___ Exercise input
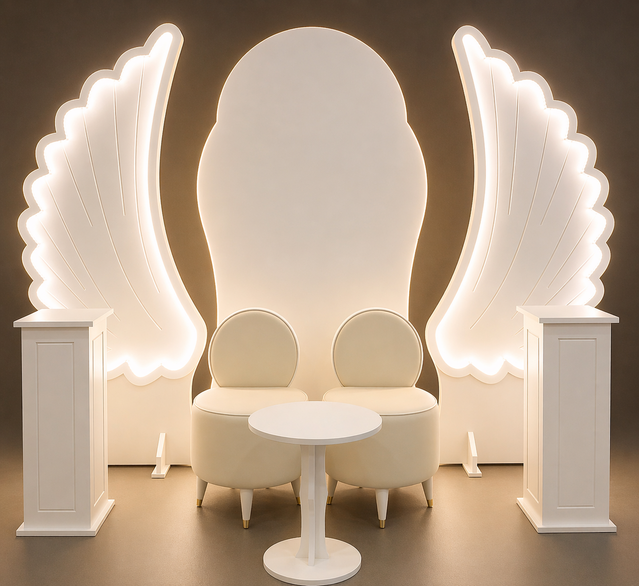 Melek Kanatlı LED Arka Fon Seti – Işıklı Düğün & Nişan Sahne Dekoru (Oturma Setli)
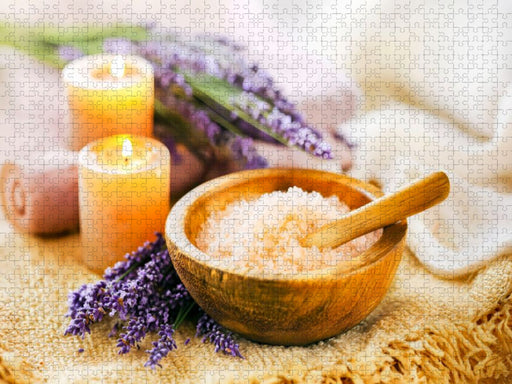 Lavendelsalz in Holzschale mit Kerzenlicht - CALVENDO Foto-Puzzle'
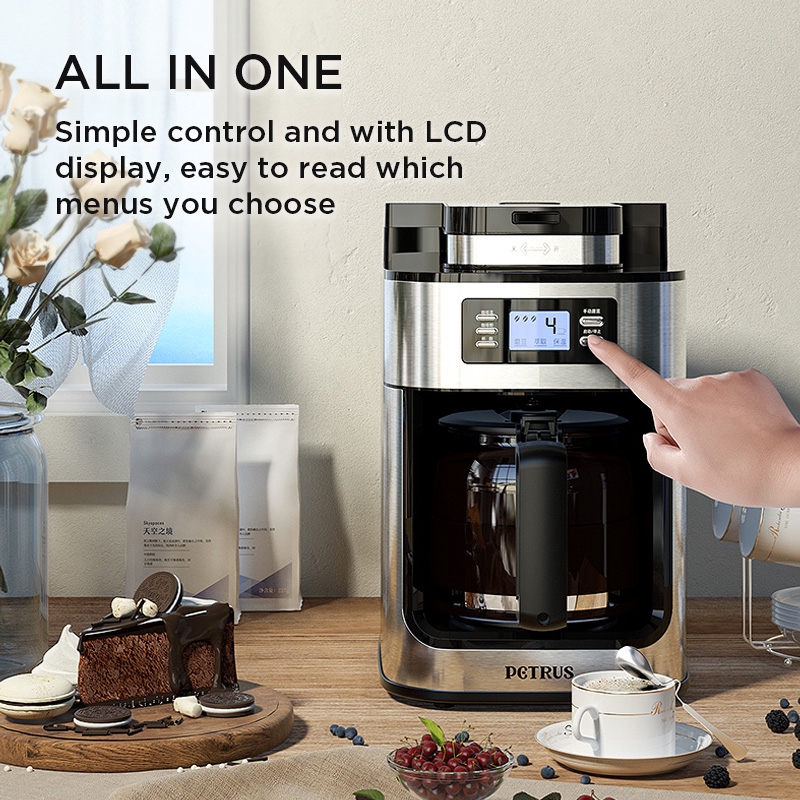 Petrus เครื่องกาแฟ เครื่องชงกาแฟอัตโนมัติ สามารถบดเมล็ดกาแฟได้ สามารถใช้เมล็ดกาแฟและผงกาแฟได้ PE3200
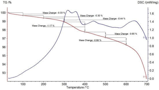 Thermal analysis. Organic matter content in rock sample and thermal effects analysis were performed using a synchronous thermal analysis instrument STA 443 F3 Jupiter (Netzsch, Gebrüder-Netzsch-Straße, Selb, Germany) in air as oxidizing environment at a heating rate of 10 °C/min, and a temperature range of 20 to 1000 °C. TG-DTA curves were processed by means of Netzsch ProteusThermalAnalysis standard software.
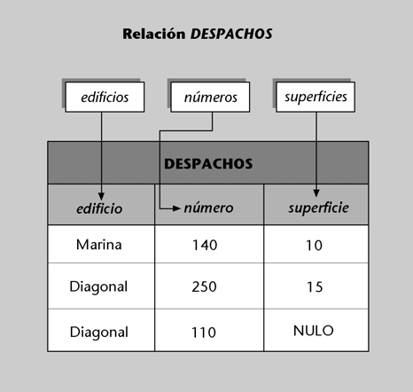 a) DESPACHOS(edificio, número, superficie), que tiene como única clave candidata la siguiente: edificio, número.
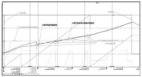 全過程升溫曲線見圖 2,從圖 2 可以看出,通過上述工藝參數(shù)的設(shè)定,從升溫開始到升溫結(jié)束,管道流量計(jì)溫基本上是按照溫升梯度進(jìn)行升溫,當(dāng)出現(xiàn)溫升速率太快時(shí),蒸汽閥自動(dòng)關(guān)閉,無需人工參與,可以自動(dòng)控制管道流量計(jì)料液溫度的平緩上升,實(shí)現(xiàn)脫溶單元操作自控運(yùn)行。
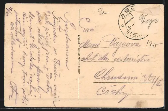 alte Ansichtskarte, gelaufen, Briefmarke entfernt, rückseitig Oberflächenschaden, Eckknick li. oben, guter Zustand
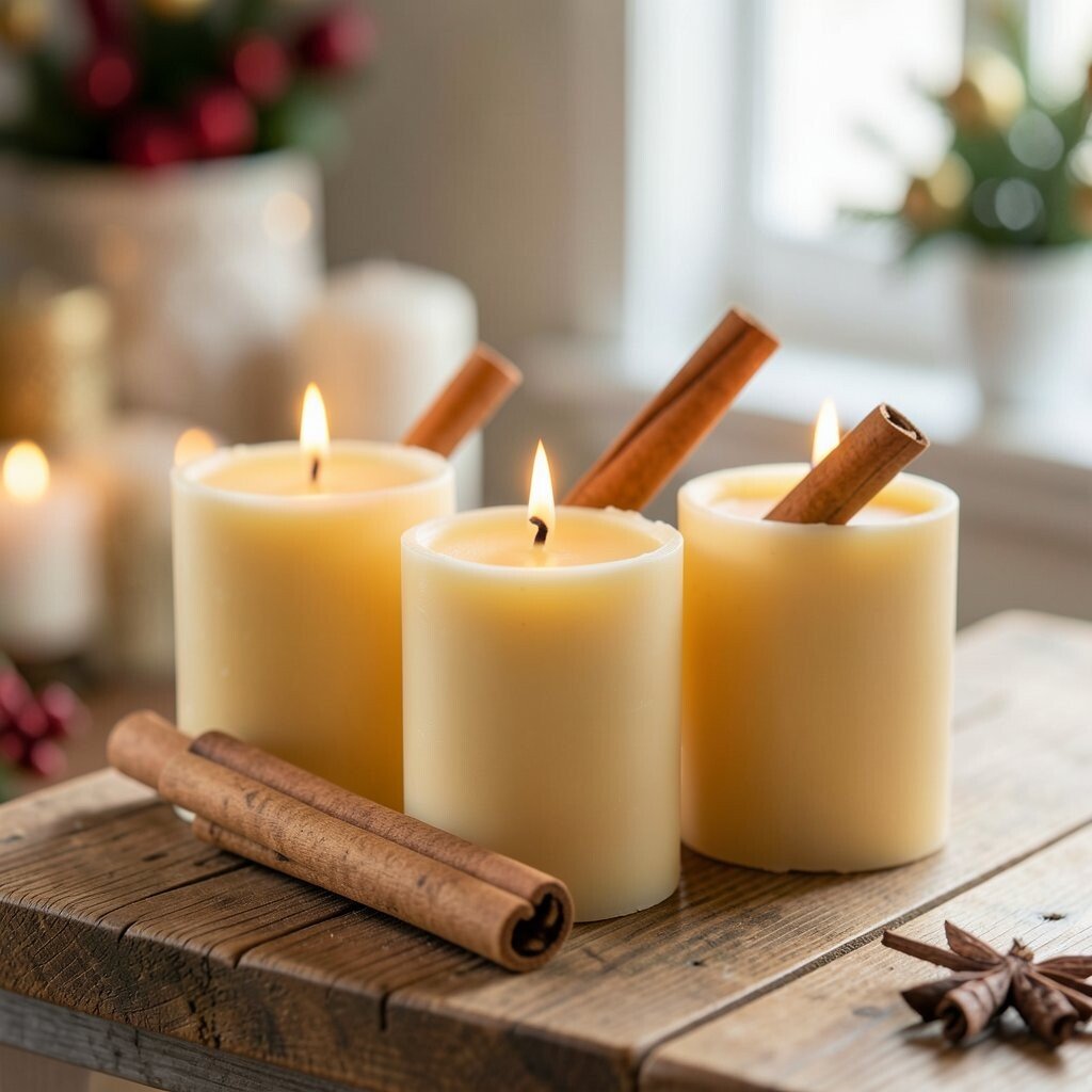 Cinnamon sticks make beeswax candles look warm and inviting. Their brown color and strong holiday scent create a cozy feeling right away.
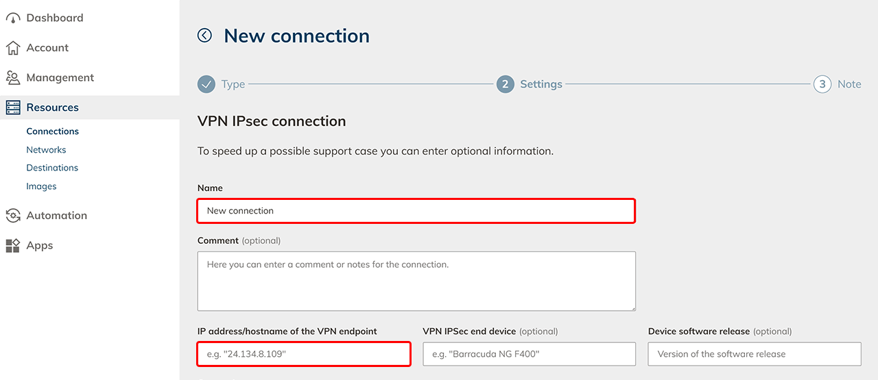 - Geben Sie der neuen Verbindung einen beliebigen Namen und tragen Sie die IP-Adresse oder DNS des VPN Endgerätes ein. Optional nehmen Sie Eintragungen in den Feldern VPN IPsec Endgerät und Device Software Release vor.
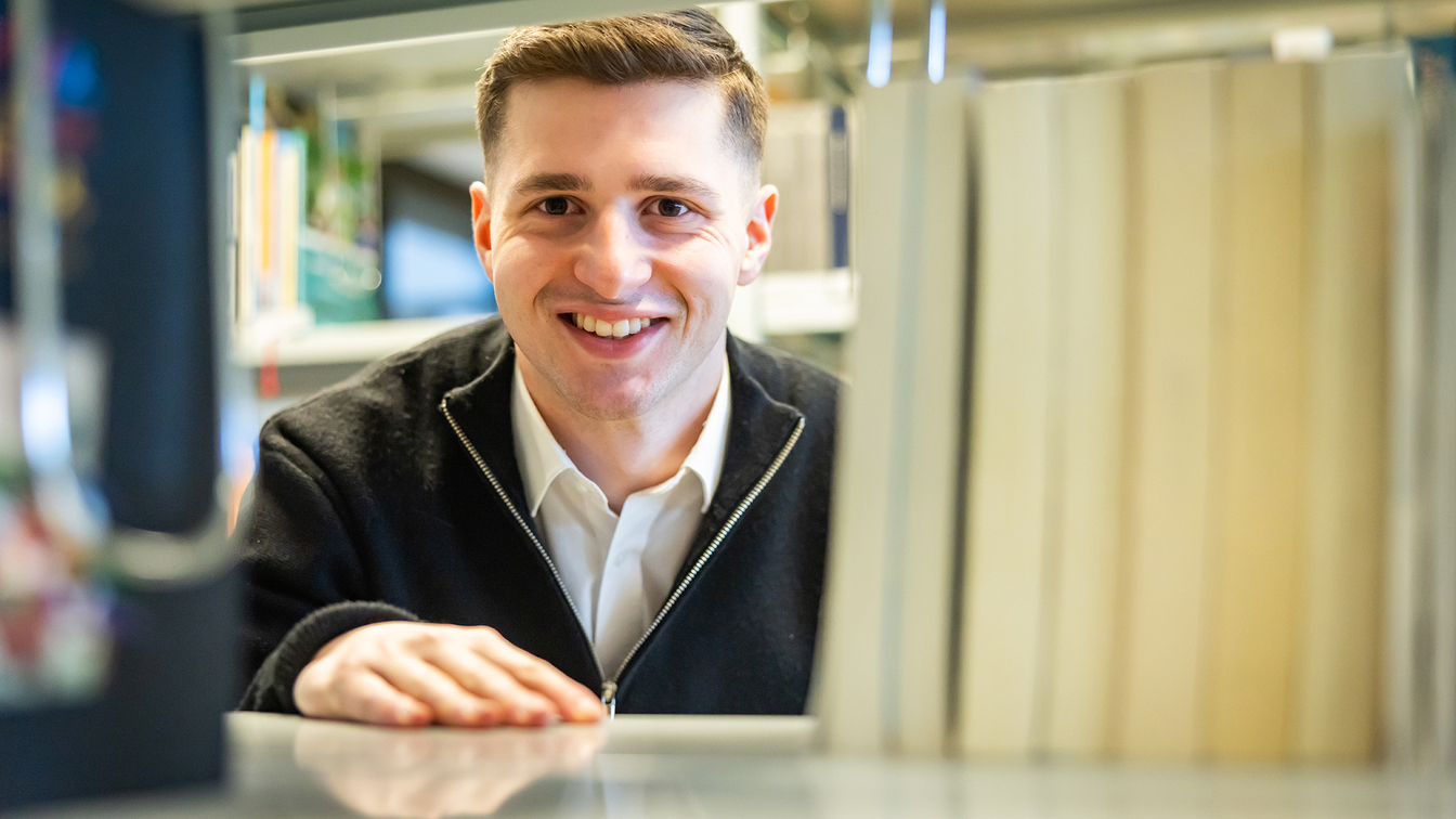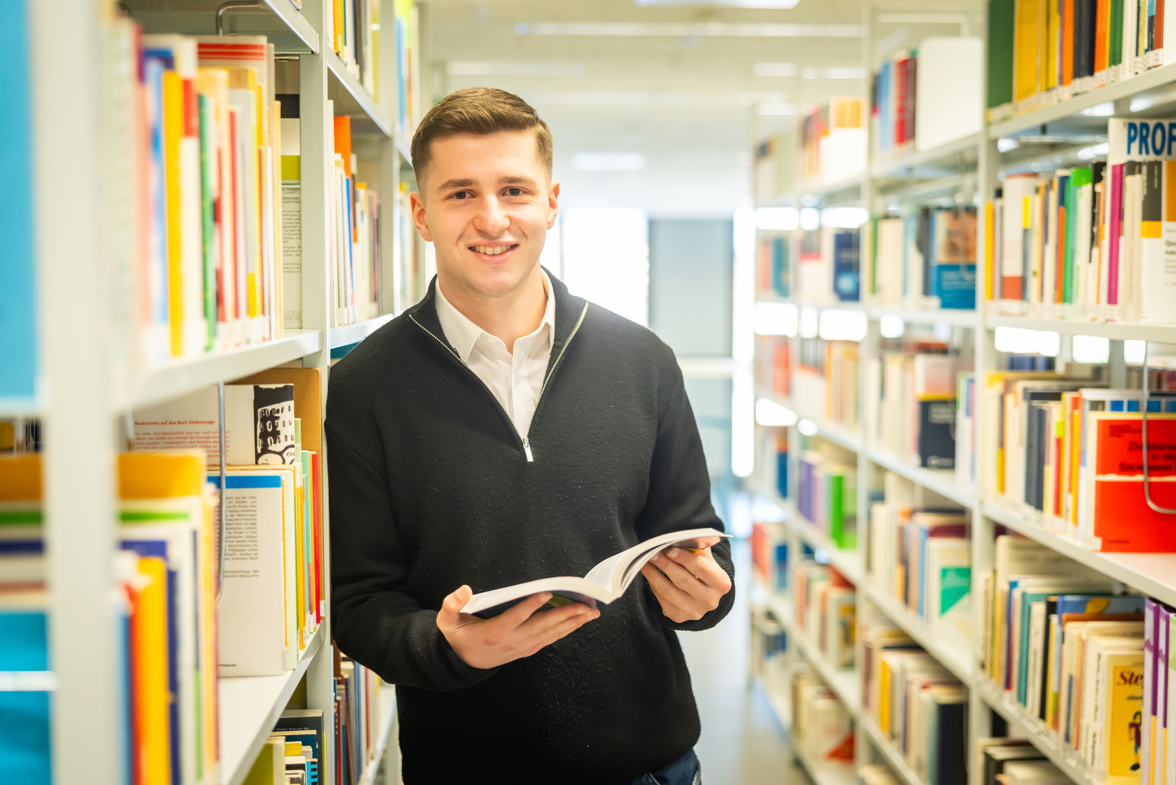 Die Zahlen sprechen eine deutliche Sprache: Nur jeder vierte Studierende hierzulande kommt aus einer Familie, die einen nicht-akademischen Hintergrund hat. Adem Cirakoglu ist einer davon. Seinen Bachelor in Wirtschaftsingenieurwesen hat er an der HSBI innerhalb kurzer Zeit mit Bestnote absolviert. Inzwischen ist er ehrenamtlich für die Organisation ArbeiterKind.de unterwegs. Adems Geschichte soll andere ermutigen, ihren Weg an eine Hochschule zu finden.Adem Cirakoglu in der Bibliothek des HSBI-Hauptgebäudes.
______
[Task requirements]: The answer must consist solely of the lines from the first line of the records through the line containing "Petrus เครื่องกาแฟ เครื่องชงกาแฟอัตโนมัติ", reproduced exactly and without the pictures.

[Output of the exercise]:
 Melek Kanatlı LED Arka Fon Seti – Işıklı Düğün & Nişan Sahne Dekoru (Oturma Setli)
 Lavendelsalz in Holzschale mit Kerzenlicht - CALVENDO Foto-Puzzle'
 Petrus เครื่องกาแฟ เครื่องชงกาแฟอัตโนมัติ สามารถบดเมล็ดกาแฟได้ สามารถใช้เมล็ดกาแฟและผงกาแฟได้ PE3200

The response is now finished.